Yes, SubsetFonts is the other plugin I was thinking of, but I didn't have the exact name off the top of my head.
Sure, any automatic process (or not subsetting at all) is easier than using FontForge. But as I see it, the entire point of subsetting fonts is to only include in the font those characters that are actually used from that font by the ebook.
For example, I don't use an embedded font for the body text—only for headings and (usually) the first 3 words of each chapter. The body of my book includes the word "café" but the headings and first 3 words do not. When I ran either SubsetFonts or ePUBOptimizer, the resulting subsetted version of the heading font included the character é. Which will never get used, among a few other extraneous characters. (I do appreciate that the ligatures were subsetted by ePUBOptimizer.)

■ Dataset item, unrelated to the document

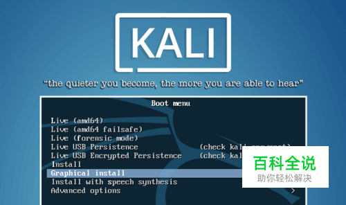 首先,把 USB 设备插入到要安装 Kali 操作系统的电脑上,然后从 USB 设备引导系统启动。只要成功地从 USB 设备启动系统,你将会看到下面的图形界面,选择“Install”或者“Graphical Install”选项。 本指南将使用“Graphical Install”方式进行安装。
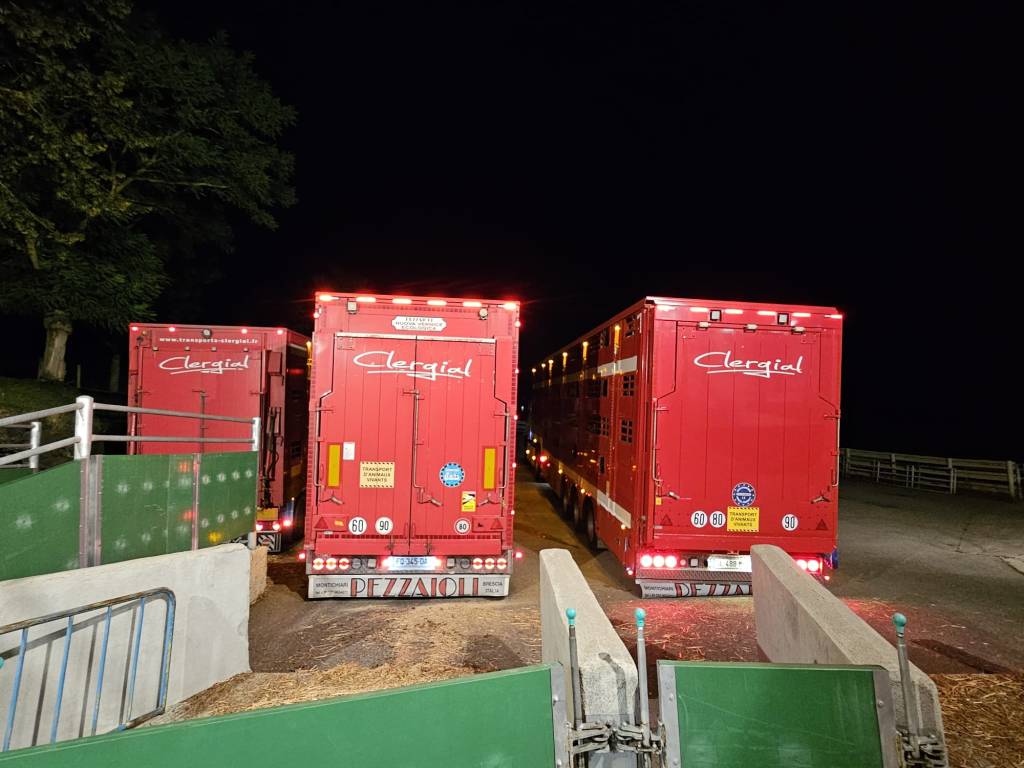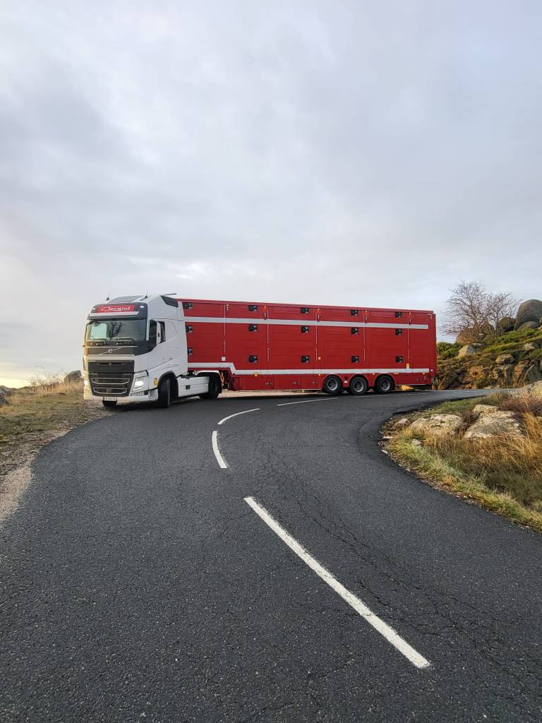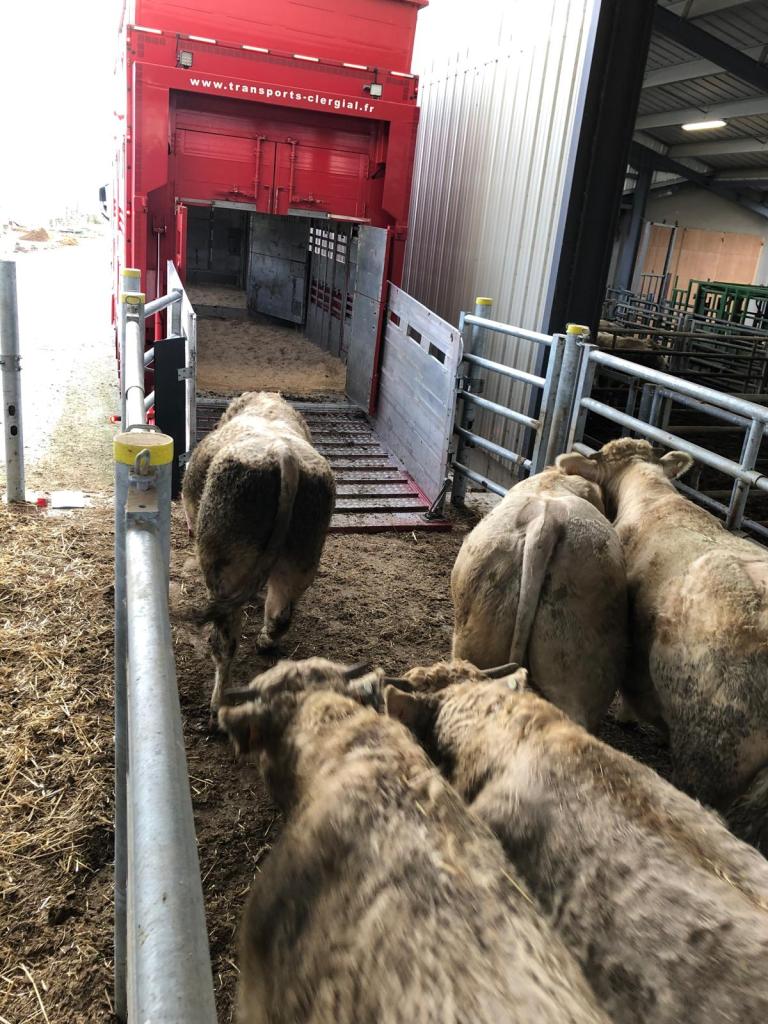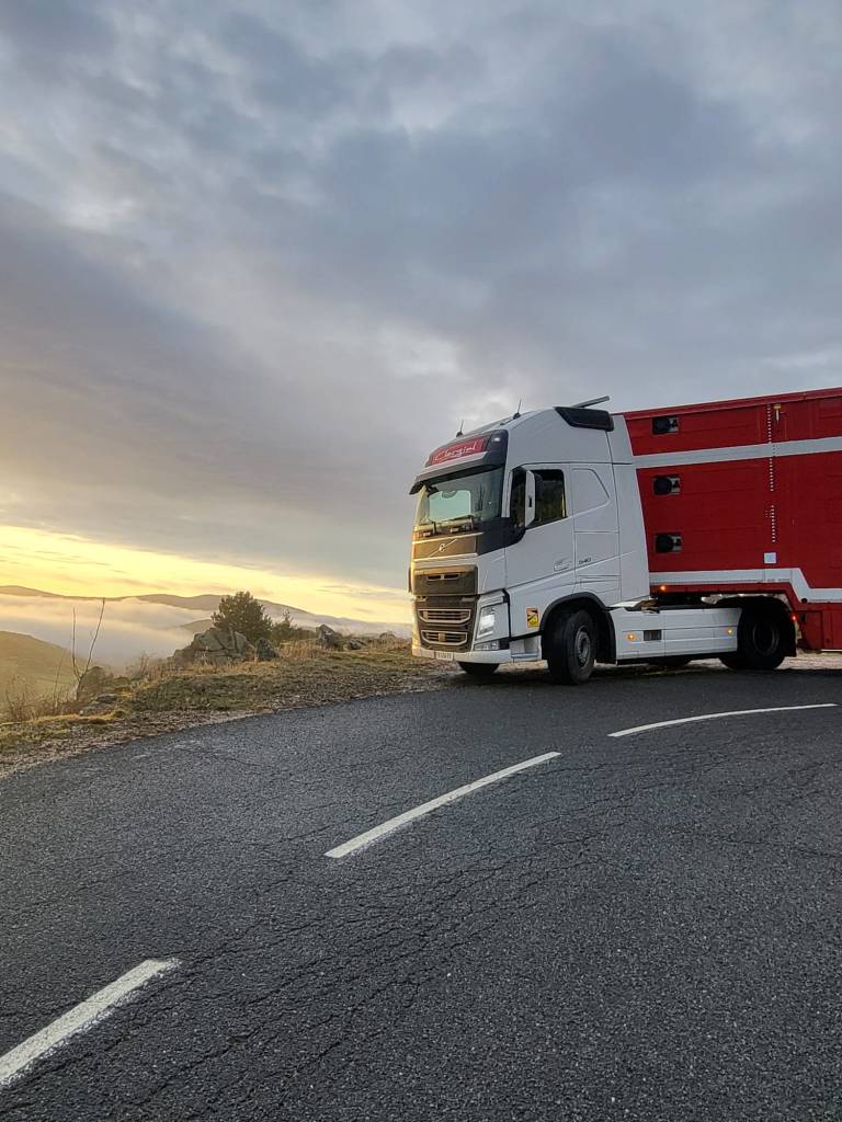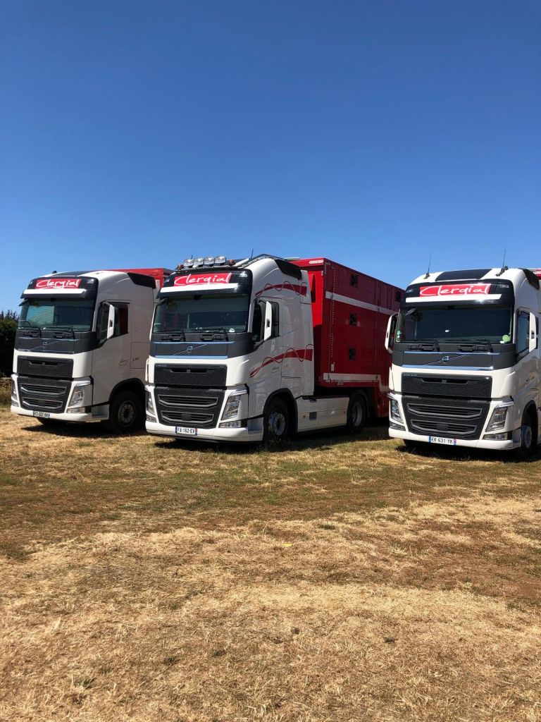 Con el tiempo, hemos sabido adaptarnos al mercado y a la legislación en materia de transporte de animales vivos de larga distancia, teniendo en cuenta tanto el bienestar animal como las exigencias de cada cliente (equipamiento específico de los camiones de transporte de ganado: techos aislados, bebederos, ventiladores, GPS…). Con una flota de 7 camiones-remolque de tres niveles, 5 semirremolques y un equipo dinámico de convoyeros experimentados, transportamos principalmente bovinos. Aseguramos el transporte de terneros recién nacidos, terneros de recría, así como bovinos adultos.

ePUBOptimizer also subsetted & and #, which don't even appear in the body text—only in html entities.
The version of the manual process I used this time was:
1. Use Calibre to convert the ePub to HTMLZ
2. Unzip the file
3. Open the html in Word
4. Use Find Format to delete any text in the default body text font
5. Copy everything that's left into BBEdit
6. Add a line break after each character
7. Process duplicate lines, case sensitive, leaving one
8. Sort lines
9. Remove line breaks
10. Use the resulting list: (space),-.0123456789ABCDEFGHIJLMNOPRSTUVWYabcdefghiklmnoprs tuvwxyz®’“”
to determine which characters to keep in FontForge, plus (CR)fifl (which do get used in this book by readers that do ligatures automatically).
It would be possible to do all of that in a plugin—take each @font-face from the CSS, see which tags use that font-face, process only the text included in those tags in the ePub to find the unique characters. It would also be possible to do the ligature selection algorithmically, before the unique characters are found.
I've kludged some things together in python in the past, so maybe I could take a stab at adjusting SubsetFonts before the "# get rid of the tags" section, but someone who actually knows what they're doing could do it better and in a fraction of the time. I like a challenge, so maybe I'll take some Saturdays and try it anyway. I've never touched C#, so trying to alter ePUBOptimizer is beyond me.
|